军队医疗服务大数据交互式统计分析关键技术研究
本文选题:医疗服务 + 大数据 ; 参考:《中国人民解放军军事医学科学院》2016年博士论文
【摘要】:近年来,随着计算机信息化手段的广泛运用,军队卫生统计工作信息化水平不断提高,通过构建卫生统计门户网站,为总部首长提供卫生统计查询服务,在数据利用方面取得了巨大的进步。但是,目前的统计方法和系统还存在统计指标不够完善、统计粒度不够细、交互式查询响应速度慢等问题,对辅助决策支撑能力不足。现阶段,我军已初步实现全军医疗服务信息的自动抓取,仅结构化数据每年的抓取量达数百亿条记录,军队卫生统计工作已经进入了大数据时代。而目前的统计流程和软件,需要约一周时间进行年度统计会审,难以满足实际需求。为此,原总后卫生部启动了“军队卫生统计创新工程”作为“十二五”全军卫生信息化建设的重点工作,大数据统计处理方法和技术是其中的重要支撑。实现军队医疗服务大数据的交互式统计分析,能够基于海量原始医疗数据提供以“天”为单位的细粒度统计模式,为总部机关卫勤决策提供数据支持,从而及时掌握医疗资源的分布和利用情况,快速应对和处置公共突发卫生事件,以及加强对医疗服务机构的指导、管理和监督。同时,也可以为军队、国家的卫生统计系统和区域医疗平台的建设提供普适性的方法论指导,为构建全军医疗大数据服务平台提供技术支撑,从而促进卫勤管理保障从粗放型到精细型的模式创新。本文运用文献研究法、对比分析法、专家咨询法、系统分析法、调查法、实证研究法等研究方法,分析了军内外卫生统计的发展现状,对相关理论及概念、军队医疗服务大数据的来源范畴、数据特征进行了定义和归纳总结,构建了军队卫生统计指标体系框架,围绕大数据时代下的军队医疗服务数据统计、分析及利用的功能和性能需求,针对全军卫生信息中心采用“数据直报”系统从全军200余家中心医院抽取的大样本分布式、同构、结构化、复杂关联的数据进行交互式统计的处理方法和步骤进行了梳理总结,并提出了一套基于Spark的并行计算解决方案,对数据预处理、分布式存储、交互式智能统计和多维可视化等功能模块所需的关键技术进行了技术选型,完成了军队医疗服务大数据交互式分析平台系统的架构设计,以Spark计算平台为基础进行了系统原型的实现,并在此基础上使用不同数据规模的6个测试数据集和8个节点规模的Spark集群对原型系统的功能和性能进行了对比和验证。
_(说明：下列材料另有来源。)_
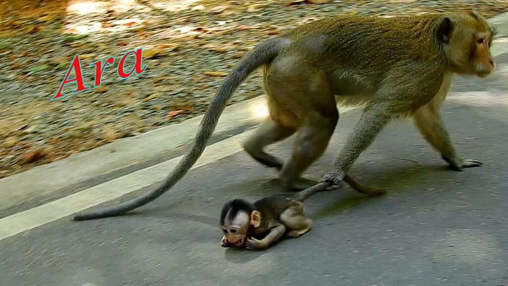 The jungle road was unusually quiet that morning, yet one tiny sound broke the silence—soft, desperate cries from a baby monkey named Ara. Separated from her mother in the confusion of moving through the trees, Ara had stumbled down to the roadside. Her tiny body shook as she sat alone, her cries echoing like a call for help that tugged at any heart passing by.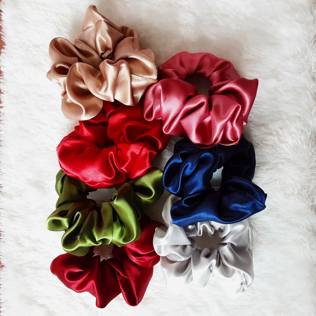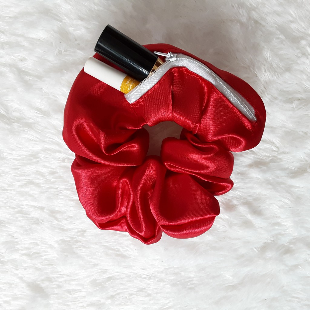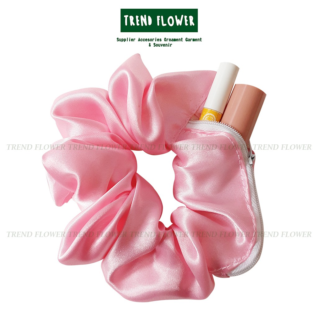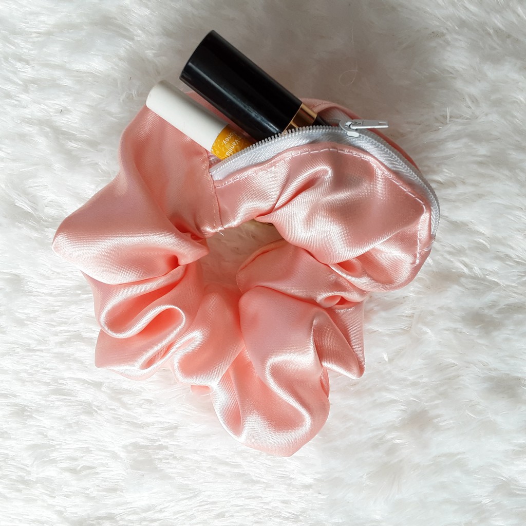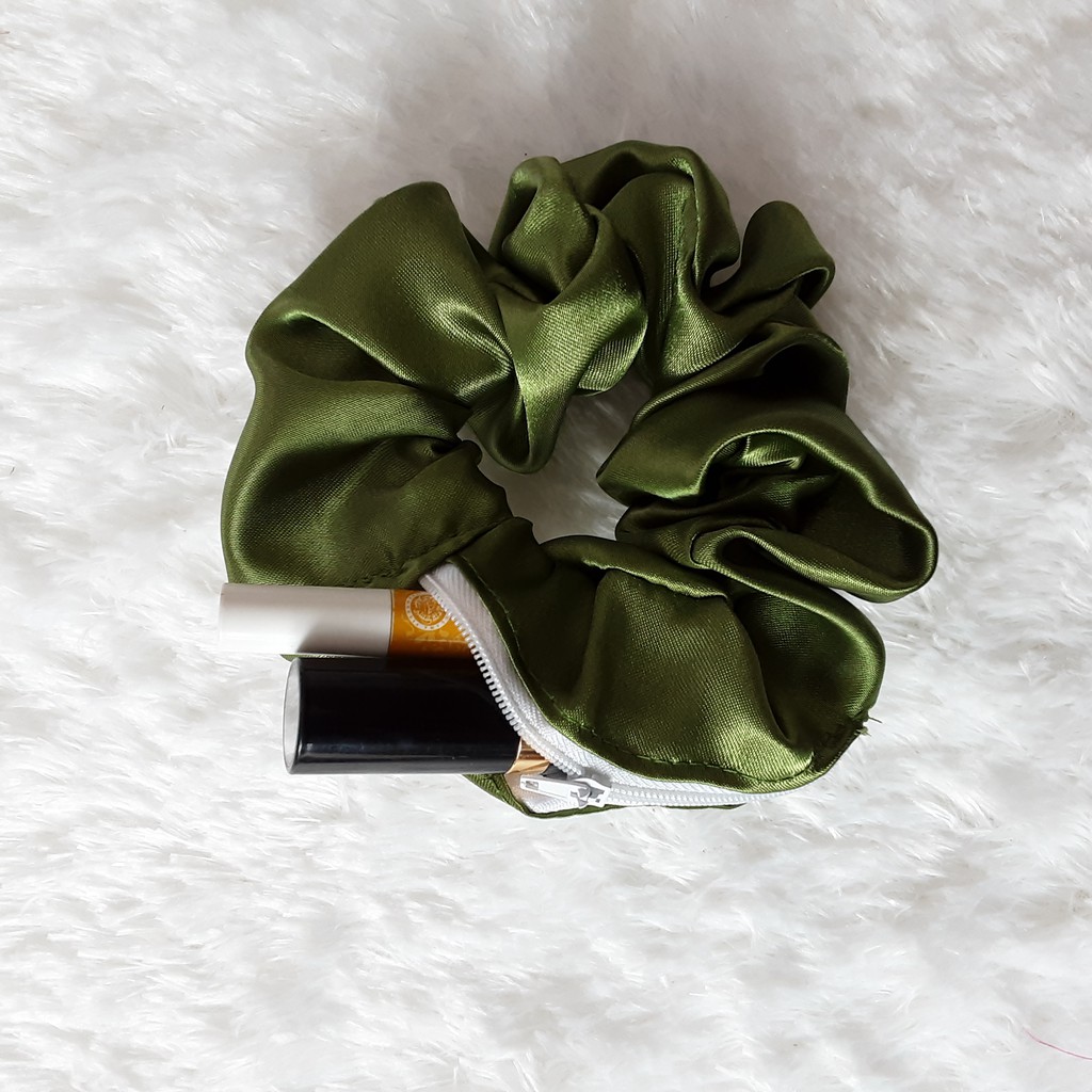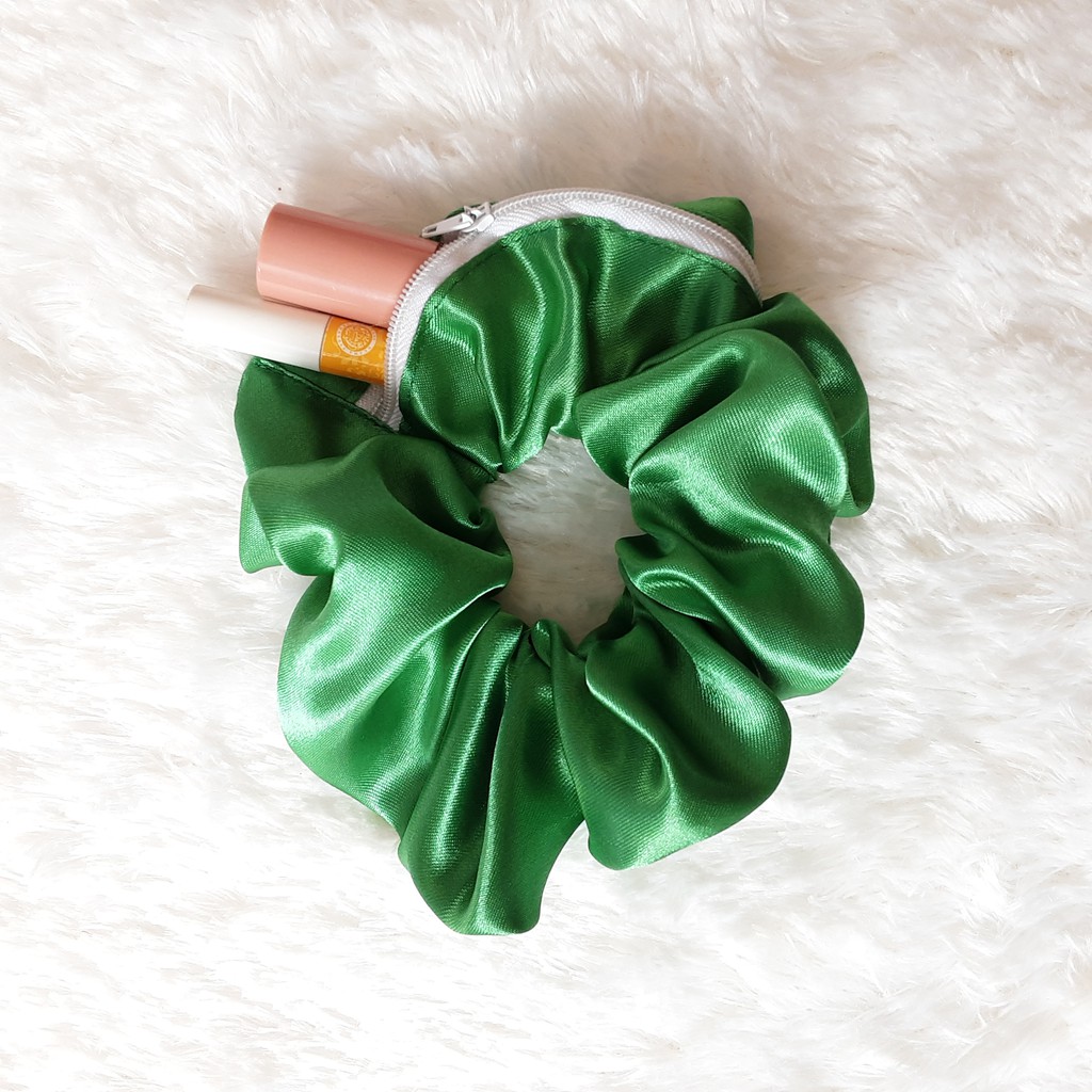 Scrunchie zipper satin silk srunchie resleting ikat rambut wanita cepol hijab

1.勤务需求分析从卫勤保障的勤务需求出发,分析基于医疗服务大数据的统计分析平台需具备的功能指标和性能指标。一是对军队医疗服务数据统计的相关概念、基础理论和国内外研究发展与现状进行了研究,将其归纳为“大样本复杂关联数据”;二是系统分析了医疗服务大数据的来源、范畴及特征;三是从业务角度对现有军队卫生统计指标进行归类整理,构建出了包含业务领域、业务主题、统计目的、统计维度和分析指标等5个层次的军队卫生统计指标体系框架,并对医疗服务业务领域中的门诊、住院等业务主题进行了细化;四是提出了交互式统计平台的功能及性能需求。2.交互式统计关键技术选型在勤务需求分析的基础上,分析医疗服务大数据交互式统计平台的数据通用处理流程,确定需要分布式存储、NoSQL数据库、通用大数据处理平台和大数据可视化Web框架等关键技术,对各类技术的优缺点进行对比分析,借鉴其在互联网、金融、电商及医疗服务行业中的具体应用,结合医疗服务大数据的特点,选取适用于交互式统计分析的技术组合,即选用Sqoop为医疗服务数据提供支持增量更新的ETL服务,HDFS和HBase为医疗服务大数据和其计算结果集提供存储服务,Spark计算框架提供交互式、高效的并行计算服务,Web2py提供多维可视化展示。3.医疗服务大数据交互式统计平台系统设计通过对医疗服务大数据交互式统计分析平台建设目标的梳理对平台进行架构设计,将体系结构在功能上划分为外部数据接入和存储、多范式数据分析和提取、交互查询和数据展示三个基本模块。从数据预处理和存储、高效并行计算服务和可视化展示三方面分别设计相应的体系结构和算法。4.系统原型实现及验证应用前面部分的研究成果,指导系统原型设计、开发环境选择和部署运行,以Spark计算平台为基础对设计的医疗服务大数据交互式分析平台进行了系统原型的实现,验证了系统的功能。在此基础上,以门诊流程所涉及到的相关数据表为例,使用线性增长的6个不同大小的测试数据集和8个节点的Spark集群对系统的功能和性能进行了对比测试验证。测试的计算类型包括简单分组规约、求和规约和多表连接等统计过程中的代表性操作。利用支持增量更新的数据ETL工具Sqoop、分布式文件系统HDFS、分布式数据库HBase、基于内存计算的Spark框架和简单高效的Web2py可视化展示平台等大数据技术组合,开发的军队医疗服务大数据交互式统计分析平台系统原型能够支持亿级记录以上医疗服务数据规模的交互式统计查询,在满足数据预处理、存储、计算和可视化功能的前提下,任务处理效率能够随着硬件节点资源的增加得到近乎线性的提升。本研究是大数据处理技术在医疗服务大数据交互式统计分析中的有益探索和成功尝试,为建设全军范围内的卫生信息统计平台以及医疗服务大数据的进一步挖掘和利用提供了第一手的实践资料。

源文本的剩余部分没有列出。